Filebeat deployment in Kubernetes/Docker

General guidelines for deploying Filebeat in Docker/Kubernetes is to run one instance (container) of Filebeat (in each Kubernetes node), and to harvest logs located in "/var/lib/docker/containers//.log".
However, I can't find a way to define prospector/process which will parse the logs, and do an additional parsing of the actual application log (Apache access logs, for example) - something like running the build-in modules on this field..
The only thing found in documentation is how to enhance the log with kubernetes info (pod name, container, etc)
Has anyone done such a thing?

1 Like

Hi @Asher_Shoshan,

Have a look at Autodiscover settings: https://www.elastic.co/guide/en/beats/filebeat/6.1/configuration-autodiscover.html.
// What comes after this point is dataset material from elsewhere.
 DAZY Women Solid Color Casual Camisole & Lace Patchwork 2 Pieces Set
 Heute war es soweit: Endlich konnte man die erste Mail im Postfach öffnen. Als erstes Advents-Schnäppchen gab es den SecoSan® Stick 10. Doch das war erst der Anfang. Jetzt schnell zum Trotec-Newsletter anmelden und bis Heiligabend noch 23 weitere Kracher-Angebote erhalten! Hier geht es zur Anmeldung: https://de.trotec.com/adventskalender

You can statically map images to the settings you want to use. You can also use labels to dynamically decide how to fetch logs from a container.
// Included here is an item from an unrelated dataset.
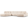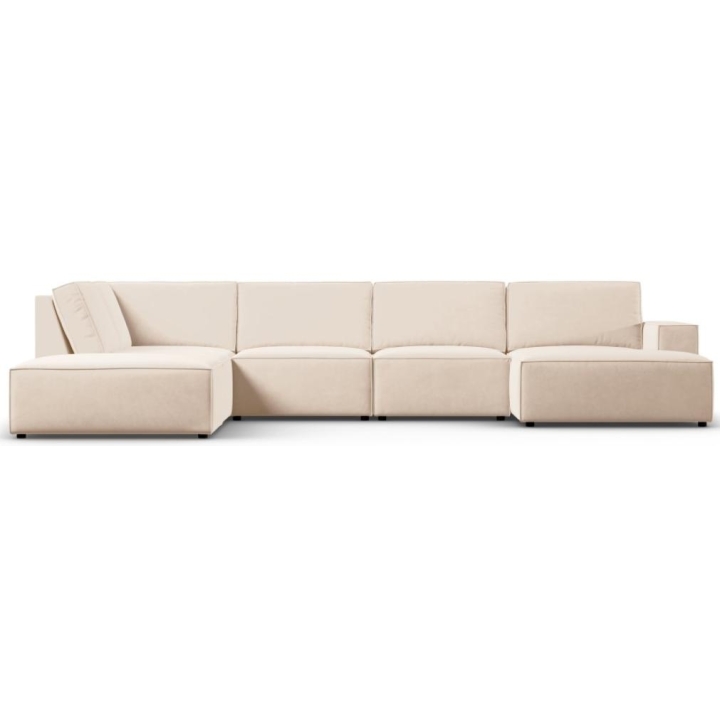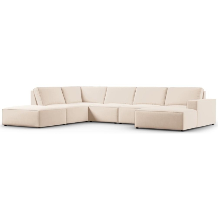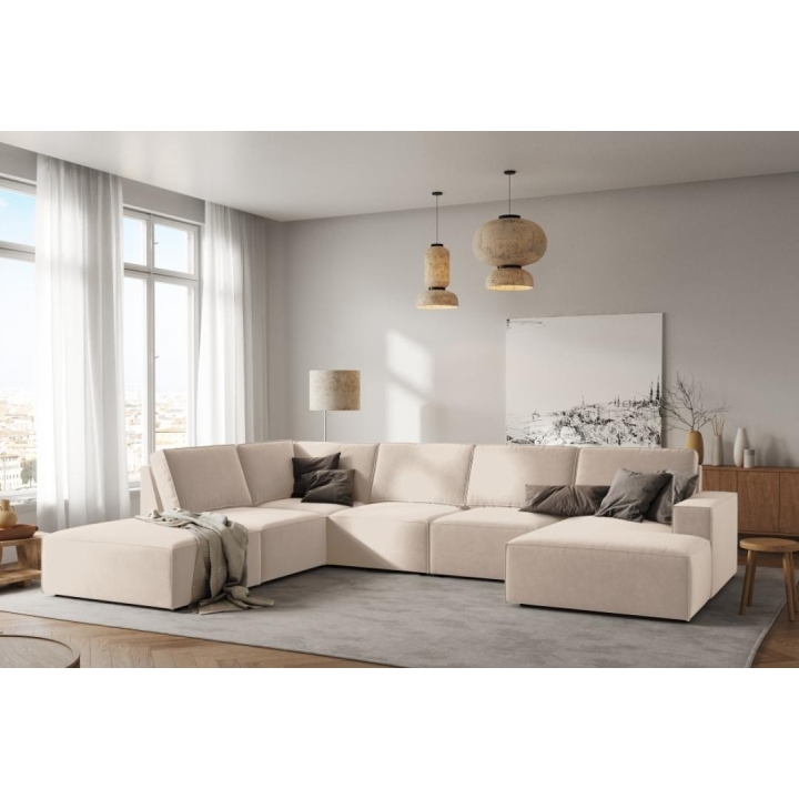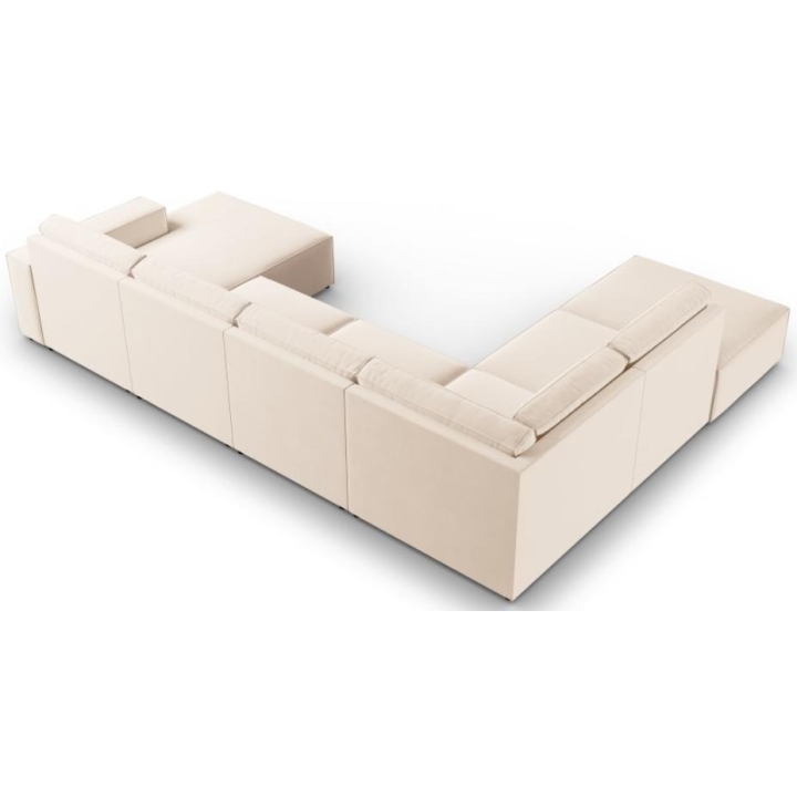 The modern Carlo 7-seater panoramic corner sofa from the manufacturer Milo Casa is a piece of furniture that measures: 366 cm wide, 90 cm high, 257 cm on one side and 166 cm deep on the other side, which is characterised by its extreme comfort. This trendy corner sofa is available in 7 colours:Light Beige, Royal Blue, Dark Blue, Grey, Light Grey, Yellow, Black and Bottle Green, so it will suit any type of interior. The seat filling is made of a combination of corrugated spring and high elasticity polyurethane foam, and the backrest is filled with silicone. A distinctive feature of the sofa is its unusual, futuristic shape - the body resembles the letter "U", making it a perfect piece of furniture for social gatherings. The sofa is upholstered with velvet fabric, silky and soft to the touch with a delicate sheen, which ensures the highest comfort of relaxation. The high quality materials used in the production of the furniture make the Carlo panoramic sofa characterised by great strength and durability. The furniture is set on low, plastic legs. The longer lounger can be manufactured on the left or right side, allowing you to better adapt the furniture to your home.

This feature was released with 6.1, and as always, feedback is really appreciated :slight_smile:

Best regards

Thanks,
So should I use auto discover instead of :
processors:

  • add_kubernetes_metadata:
    in_cluster: true
    namespace: ${POD_NAMESPACE}

Still, what to do with autodiscover in order to parse the log and see the fields in Kibana (for example all the fields of access log, http req, rc, etc), and not just one json field 'log'?

Tried 'autodiscover' with docker. Getting unable to connect to docker 'unix:///docker...."
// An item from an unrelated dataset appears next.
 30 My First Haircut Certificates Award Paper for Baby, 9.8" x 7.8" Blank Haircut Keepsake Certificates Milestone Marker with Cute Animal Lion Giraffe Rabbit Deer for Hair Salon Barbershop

2018/01/03 11:01:22.421490 beat.go:635: CRIT Exiting: Cannot connect to the Docker daemon at unix:///var/run/docker.sock. Is the docker daemon running?

You may need to review filebeat has permissions to access the socket file, or run it as root

Yes... Kubernetes as well

Can you elaborate? How to run it as root?

Sure, for kubernetes you have a complete example here: https://raw.githubusercontent.com/elastic/beats/6.1/deploy/kubernetes/filebeat-kubernetes.yaml

The trick comes from:

securityContext:
  runAsUser: 0

For docker, just use docker run -u root, you may want to pass --stirct.perms=false to Filebeat, to avoid errors due to config file ownership

Thanks, but again... how to solve the original issue?
i.e. one filebeat container in Kube node harvests all containers logs in /var/log/docker/containers//.log.
Then all the app log (apache, redis, etc) is not parsed and moved to elastic (one field), therefore I can not get meaningful results in Kibana.
If there is a way to do the parsing inside the processor or reapply the built-in modules?
(haven't seen a way to define my own parsing)

typo: --stirct.perms=false SHB --strict.perms=false?

+1 to Ahsher's : "how to solve the original issue?"

Once you have Filebeat running you can use autodiscover (https://www.elastic.co/guide/en/beats/filebeat/6.1/configuration-autodiscover.html) adding this to your filebeat.yml:

filebeat.autodiscover:
  providers:
    - type: docker
      templates:
        - condition:
            contains:
              docker.container.image: "httpd"
          config:
            - module: apache2
              access:
                prospector:
                  type: docker
                  container.ids:
                    - "${data.docker.container.id}"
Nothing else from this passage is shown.